+++ Task inputs +++
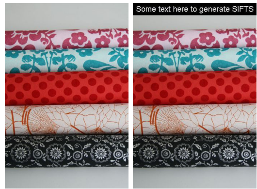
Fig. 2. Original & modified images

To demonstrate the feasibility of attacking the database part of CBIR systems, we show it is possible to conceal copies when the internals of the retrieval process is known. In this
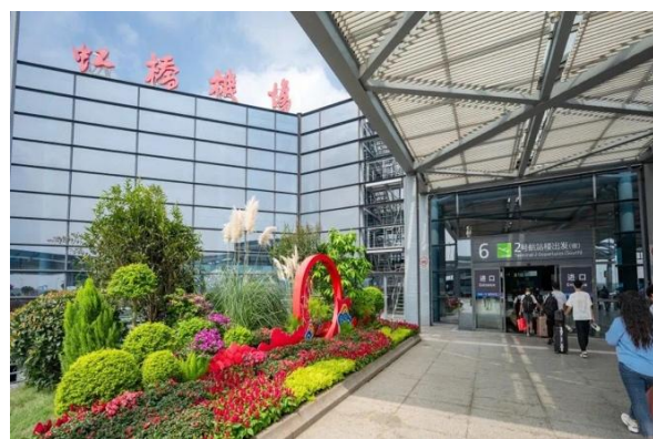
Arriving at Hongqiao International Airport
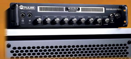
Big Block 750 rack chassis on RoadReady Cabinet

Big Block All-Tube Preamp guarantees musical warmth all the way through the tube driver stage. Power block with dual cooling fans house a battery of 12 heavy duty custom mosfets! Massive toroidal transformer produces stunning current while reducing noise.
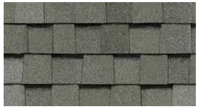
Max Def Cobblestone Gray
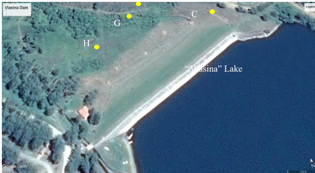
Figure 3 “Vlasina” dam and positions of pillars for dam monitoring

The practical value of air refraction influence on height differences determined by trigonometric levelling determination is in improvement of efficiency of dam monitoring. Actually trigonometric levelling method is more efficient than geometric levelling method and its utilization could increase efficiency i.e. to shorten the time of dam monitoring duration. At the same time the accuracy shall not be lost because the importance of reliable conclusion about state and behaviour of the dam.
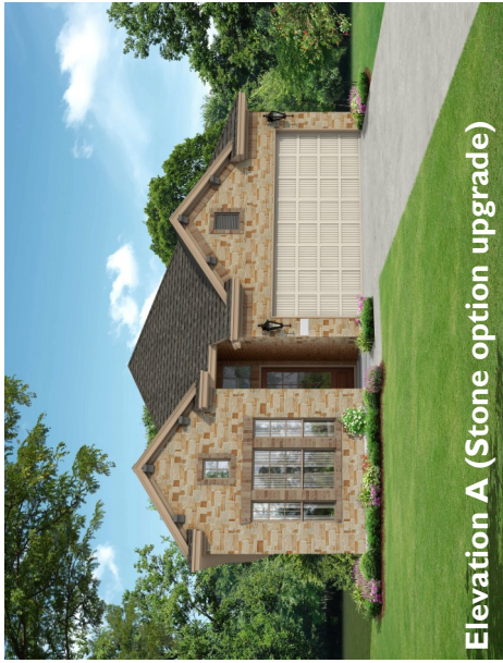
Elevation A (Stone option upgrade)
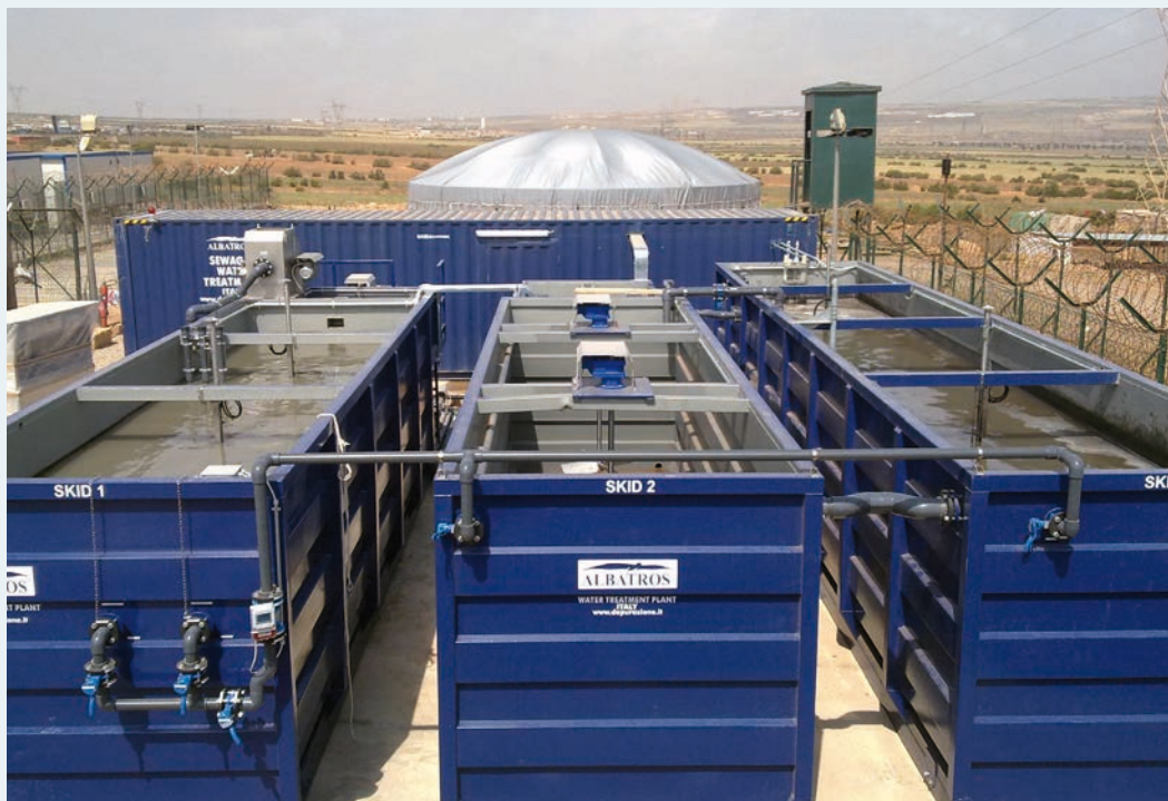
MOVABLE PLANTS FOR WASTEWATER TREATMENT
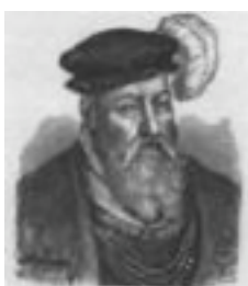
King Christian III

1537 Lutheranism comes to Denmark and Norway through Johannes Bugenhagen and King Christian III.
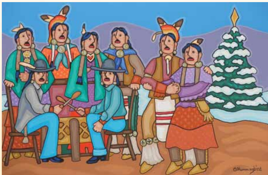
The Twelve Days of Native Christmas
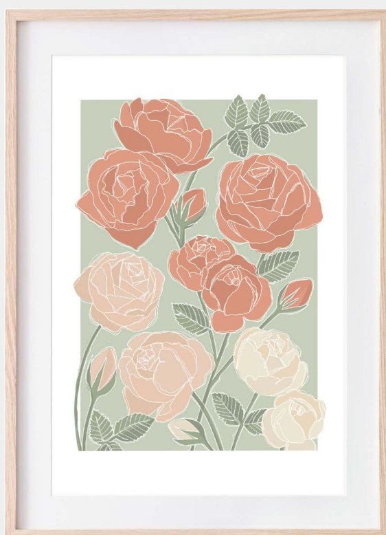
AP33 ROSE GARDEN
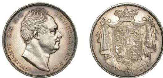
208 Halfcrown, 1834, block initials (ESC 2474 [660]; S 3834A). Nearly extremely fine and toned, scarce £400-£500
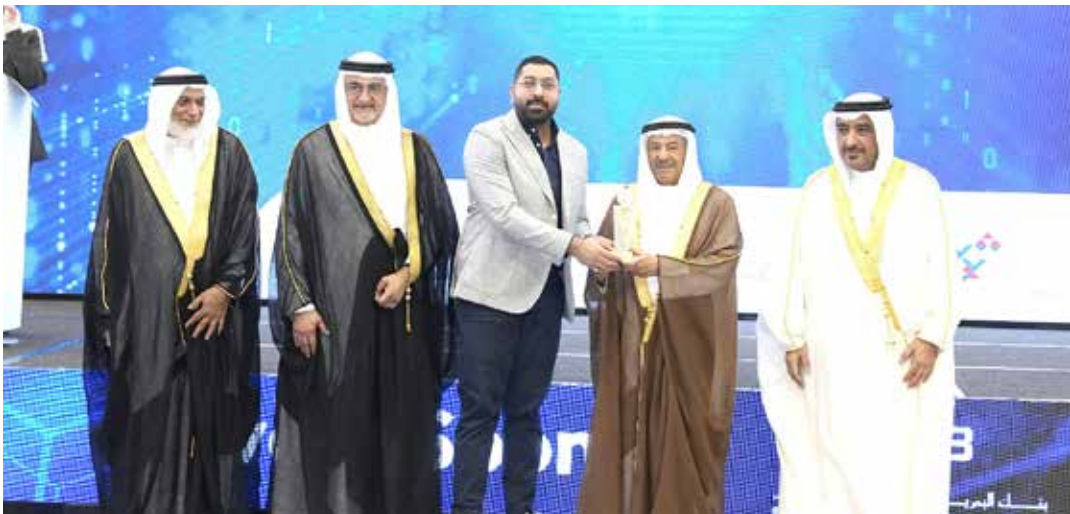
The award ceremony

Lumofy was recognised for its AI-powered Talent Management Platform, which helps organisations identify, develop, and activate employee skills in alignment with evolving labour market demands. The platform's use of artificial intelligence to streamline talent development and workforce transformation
+++
Assignment:
Count the lines in the data that contain the string "Christian", and give nothing but that number.

Written solution:
2